From the first line of the listing below to the line with "A collection of", print each line exactly, and nothing more. Leave out the pictures.

> [PROVIDED DATA]:
= Beginning of Section =

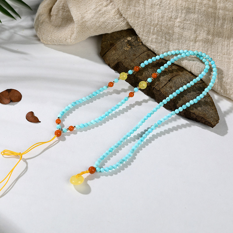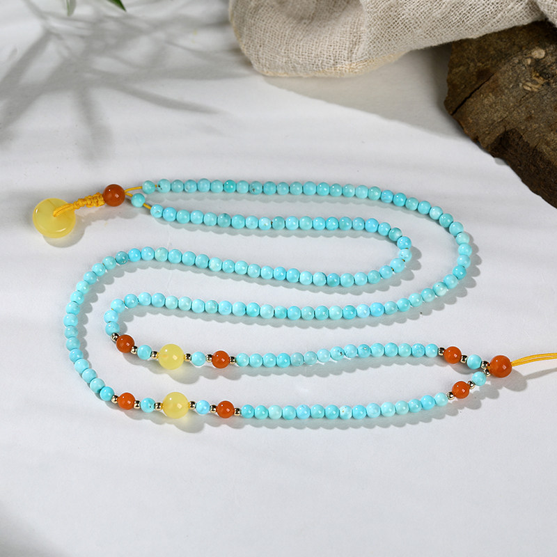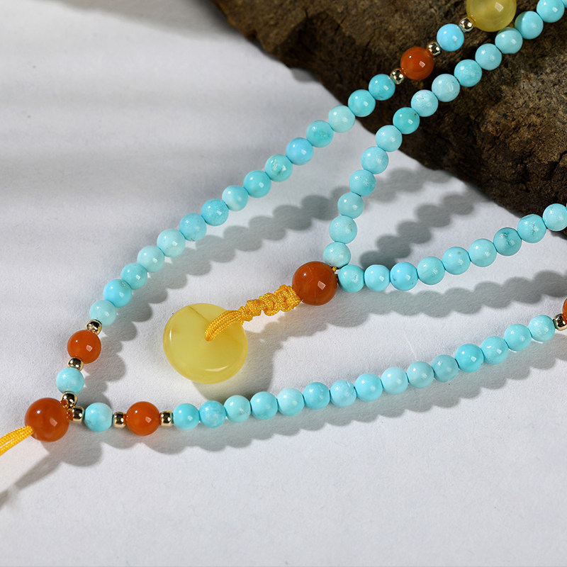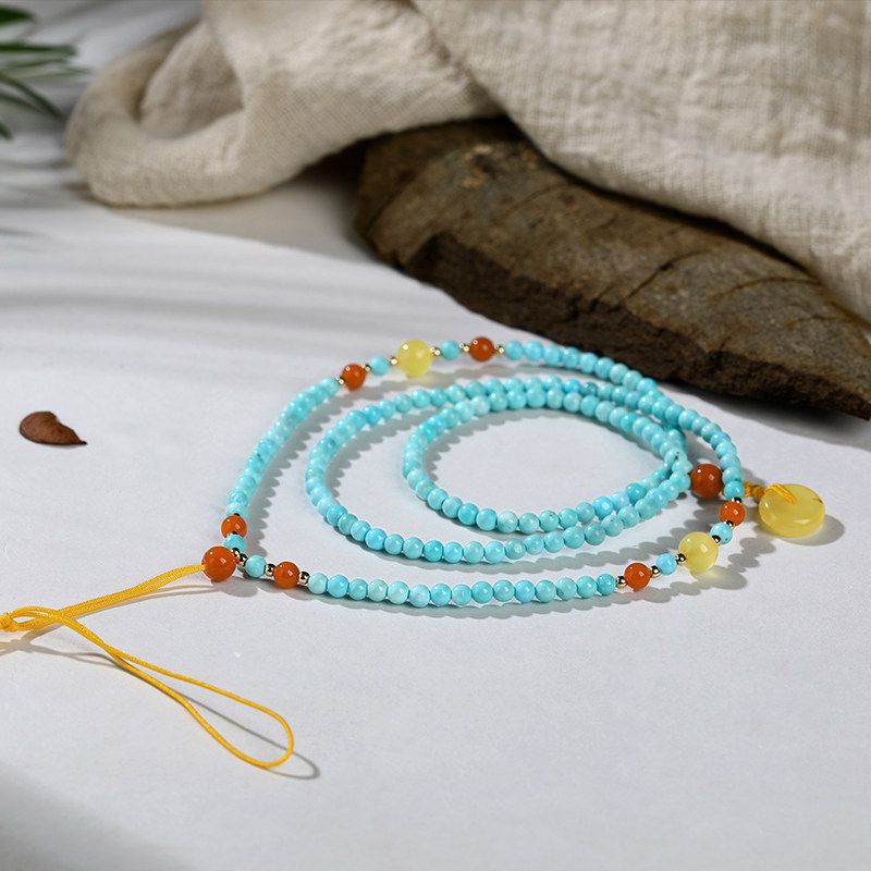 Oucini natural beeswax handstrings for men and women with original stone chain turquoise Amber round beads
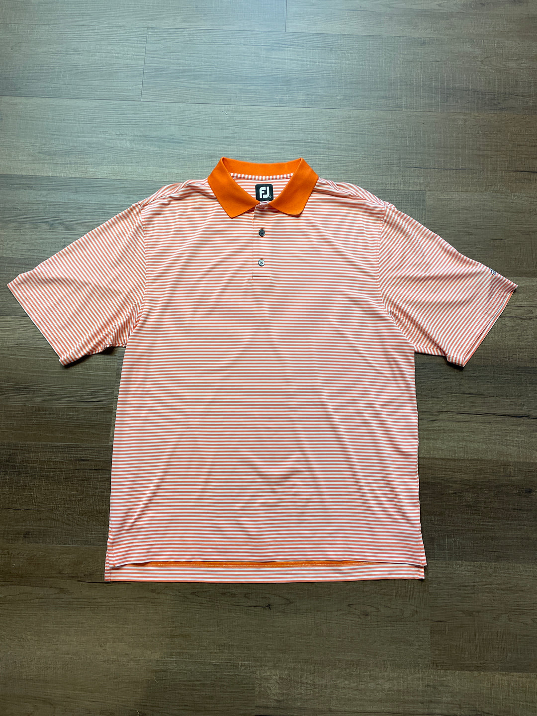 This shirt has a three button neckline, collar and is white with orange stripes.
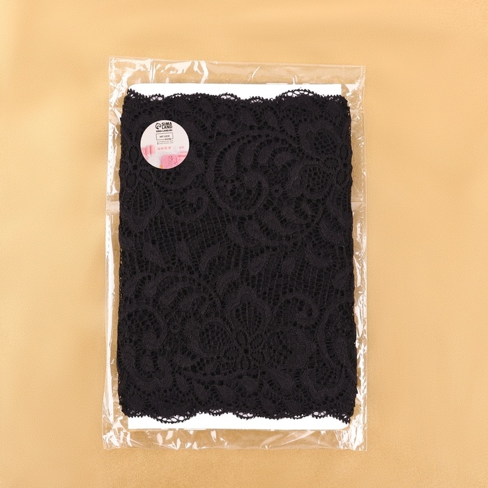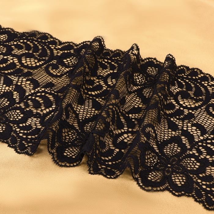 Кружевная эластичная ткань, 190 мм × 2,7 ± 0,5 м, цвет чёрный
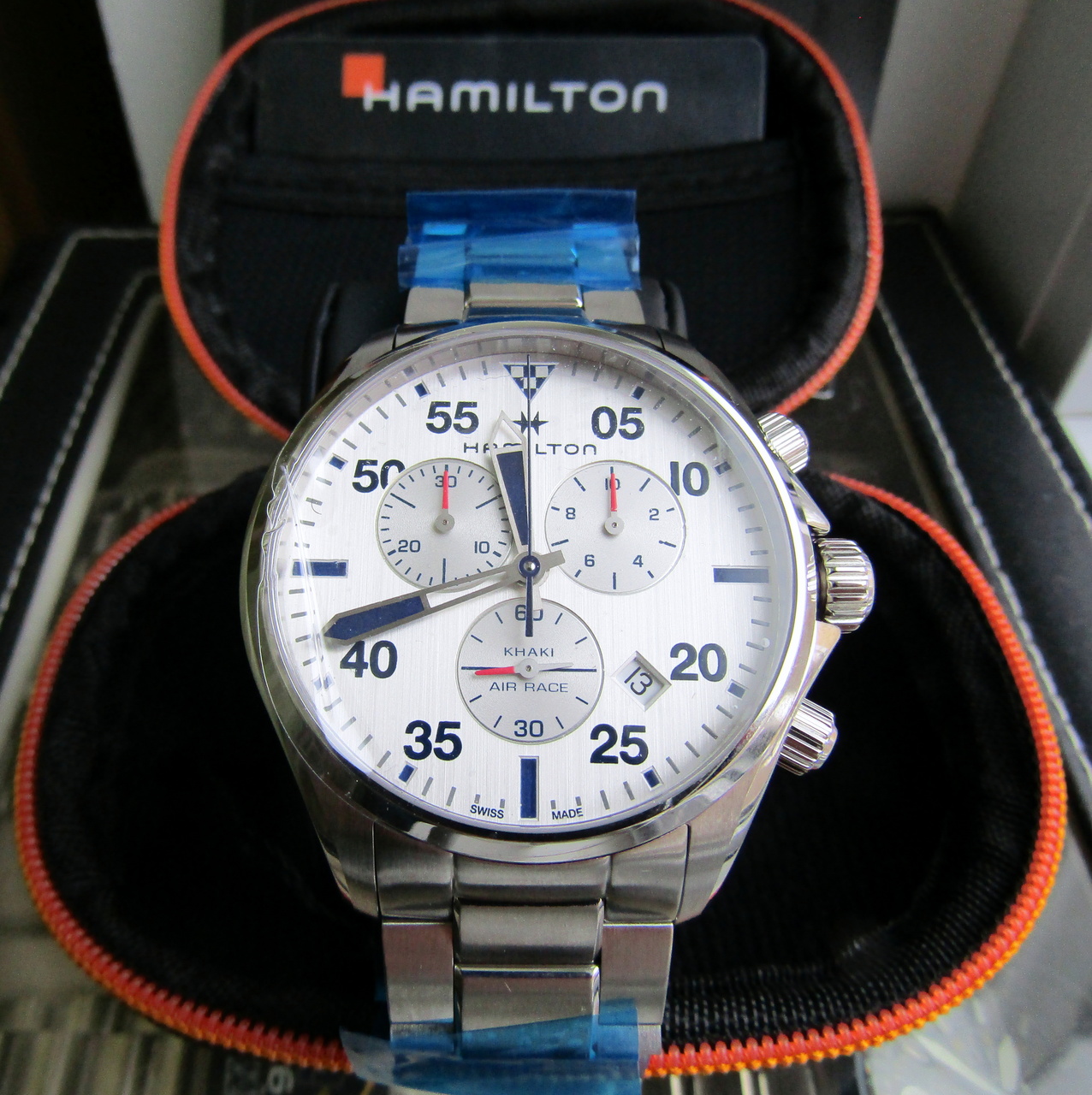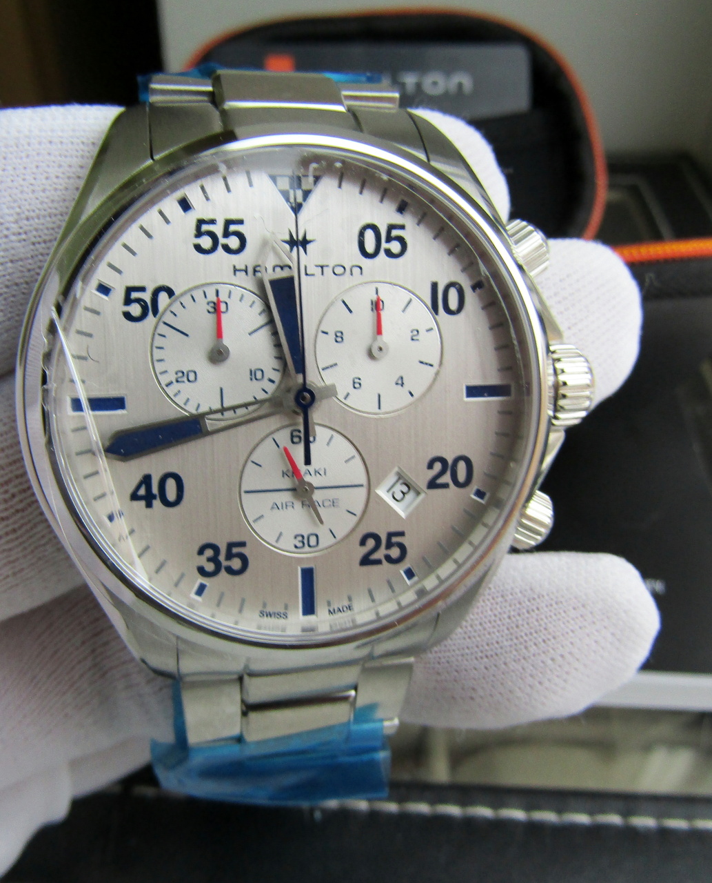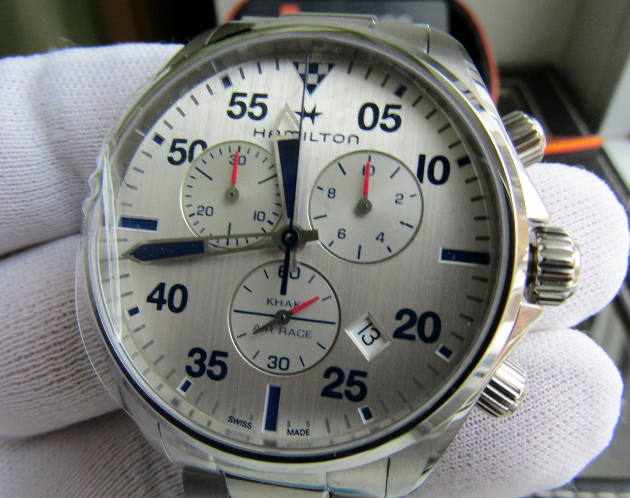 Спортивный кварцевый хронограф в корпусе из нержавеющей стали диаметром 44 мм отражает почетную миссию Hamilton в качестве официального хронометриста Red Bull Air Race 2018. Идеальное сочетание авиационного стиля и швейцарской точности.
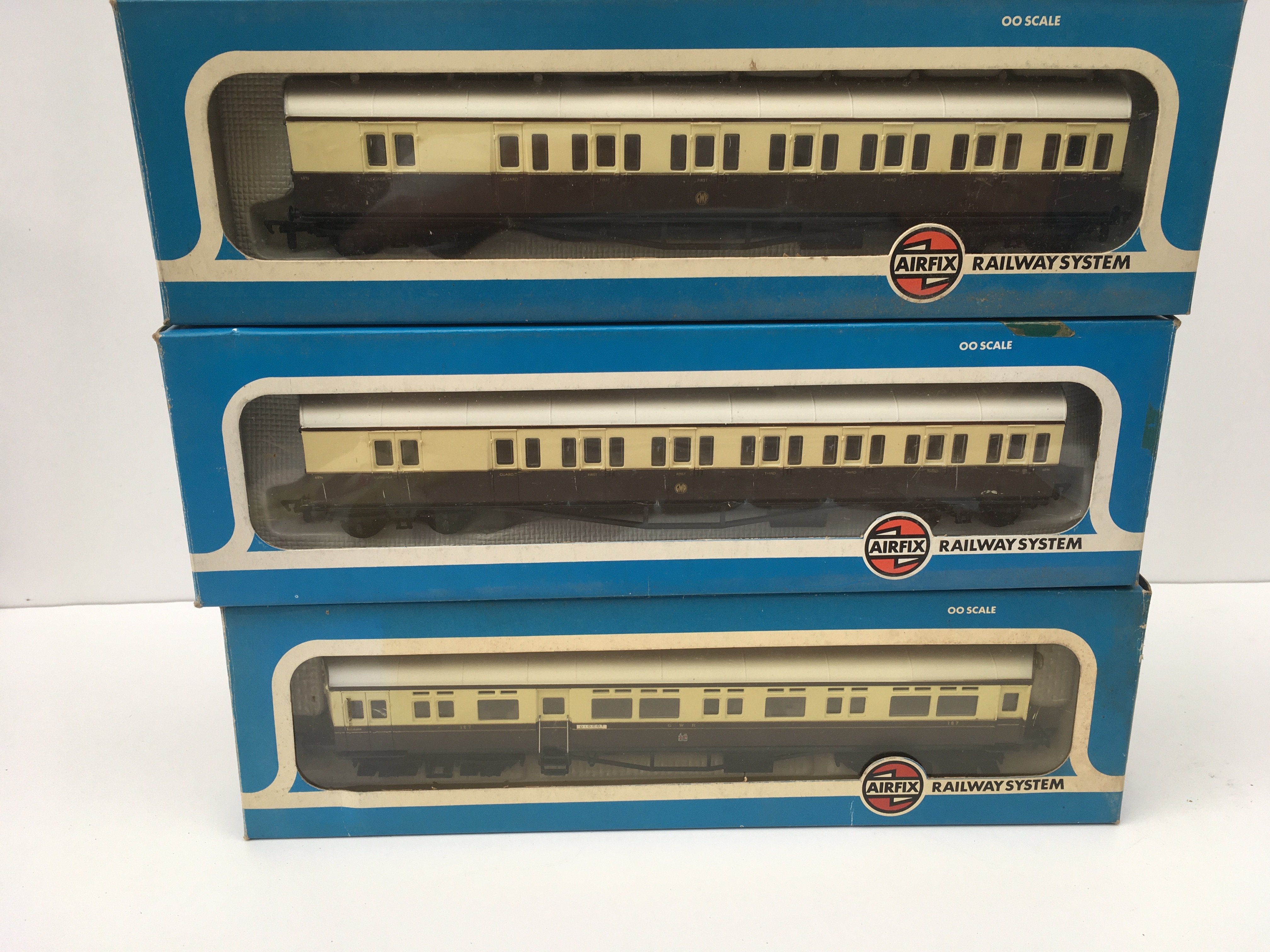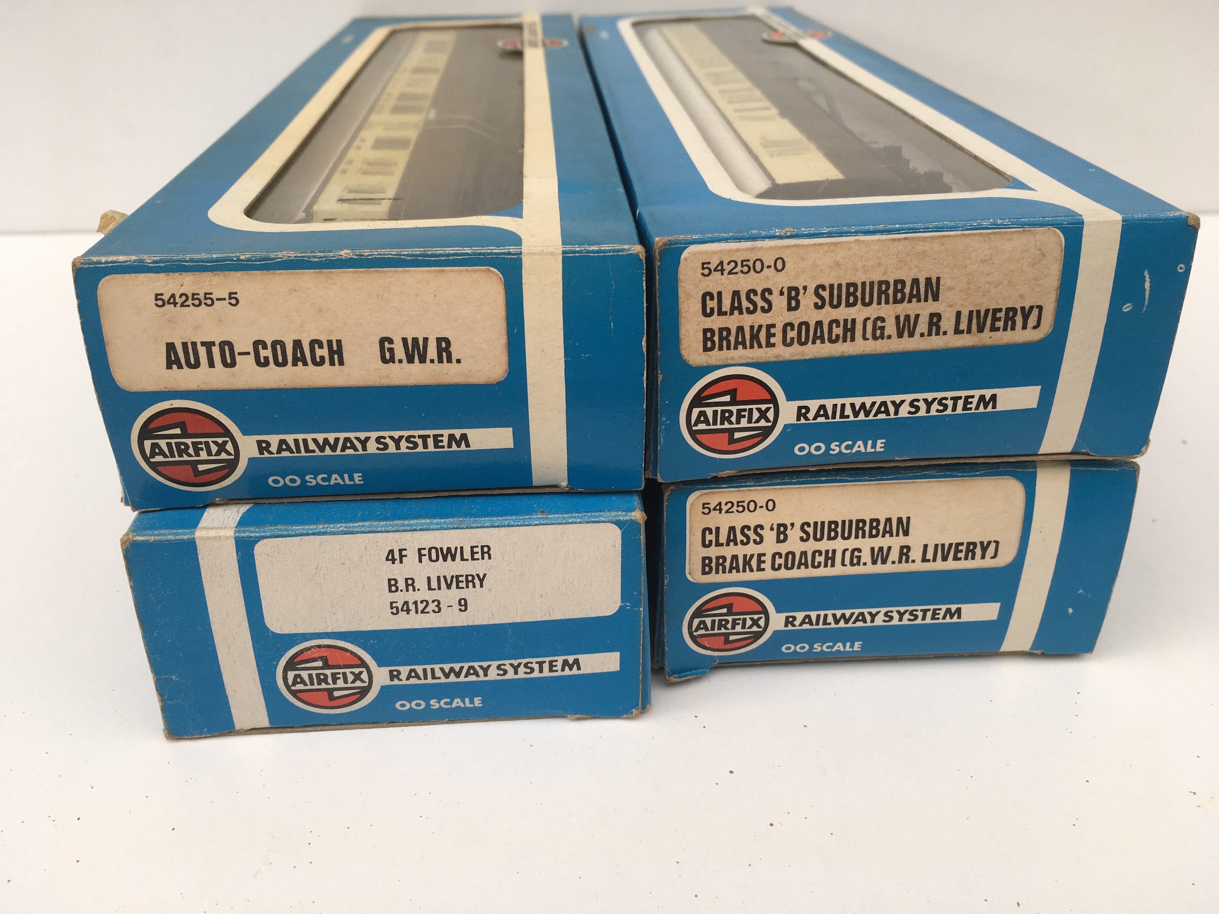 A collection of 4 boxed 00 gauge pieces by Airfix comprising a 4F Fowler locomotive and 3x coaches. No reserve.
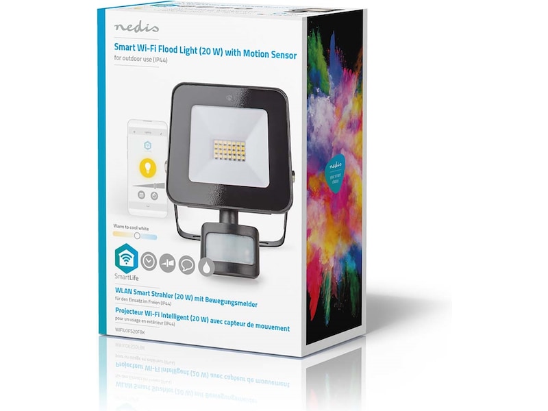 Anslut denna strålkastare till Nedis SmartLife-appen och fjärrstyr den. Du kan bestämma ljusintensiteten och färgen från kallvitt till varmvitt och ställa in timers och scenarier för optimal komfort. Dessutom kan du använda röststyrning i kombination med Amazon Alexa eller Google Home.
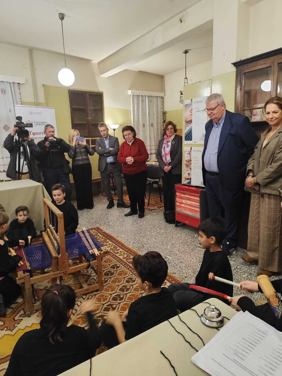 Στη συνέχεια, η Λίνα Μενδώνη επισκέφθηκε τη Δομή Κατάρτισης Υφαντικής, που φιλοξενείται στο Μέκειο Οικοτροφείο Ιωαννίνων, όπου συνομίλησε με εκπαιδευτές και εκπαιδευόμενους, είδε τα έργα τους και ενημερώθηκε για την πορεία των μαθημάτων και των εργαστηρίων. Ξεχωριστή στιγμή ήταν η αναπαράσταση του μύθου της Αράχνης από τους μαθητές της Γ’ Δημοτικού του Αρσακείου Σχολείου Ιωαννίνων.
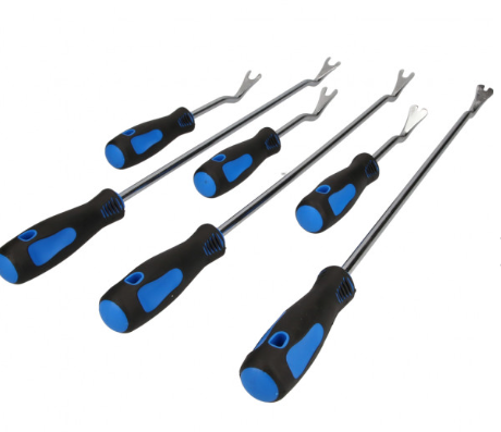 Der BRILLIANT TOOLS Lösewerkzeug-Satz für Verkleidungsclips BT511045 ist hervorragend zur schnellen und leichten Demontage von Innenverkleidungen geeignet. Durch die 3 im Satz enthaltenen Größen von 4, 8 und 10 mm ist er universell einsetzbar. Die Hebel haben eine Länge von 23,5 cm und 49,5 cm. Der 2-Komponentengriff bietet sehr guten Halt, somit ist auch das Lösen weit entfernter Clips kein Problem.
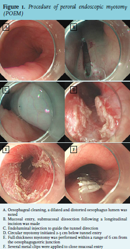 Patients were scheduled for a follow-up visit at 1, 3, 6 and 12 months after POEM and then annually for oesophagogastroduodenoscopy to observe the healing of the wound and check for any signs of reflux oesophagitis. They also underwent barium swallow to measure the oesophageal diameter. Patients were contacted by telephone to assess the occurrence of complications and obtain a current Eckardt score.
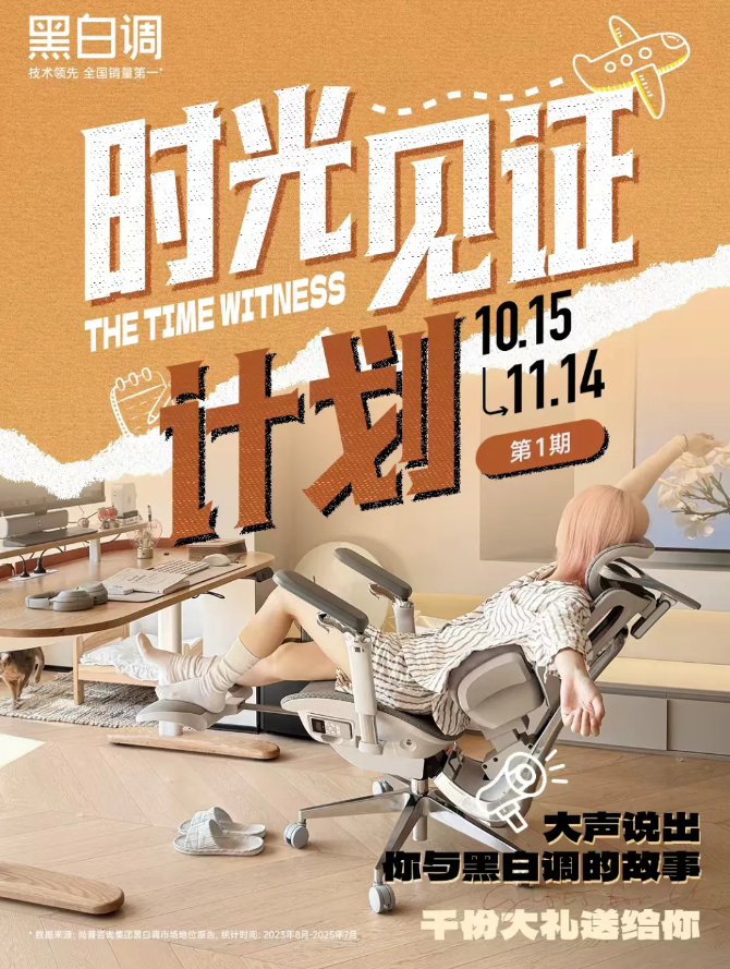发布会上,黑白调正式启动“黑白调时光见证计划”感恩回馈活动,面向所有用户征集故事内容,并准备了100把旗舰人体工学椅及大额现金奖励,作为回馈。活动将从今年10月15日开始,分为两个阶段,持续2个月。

= End of Section =

> [ANSWER FOR THIS EXERCISE]:
 Oucini natural beeswax handstrings for men and women with original stone chain turquoise Amber round beads
 This shirt has a three button neckline, collar and is white with orange stripes.
 Кружевная эластичная ткань, 190 мм × 2,7 ± 0,5 м, цвет чёрный
 Спортивный кварцевый хронограф в корпусе из нержавеющей стали диаметром 44 мм отражает почетную миссию Hamilton в качестве официального хронометриста Red Bull Air Race 2018. Идеальное сочетание авиационного стиля и швейцарской точности.
 A collection of 4 boxed 00 gauge pieces by Airfix comprising a 4F Fowler locomotive and 3x coaches. No reserve.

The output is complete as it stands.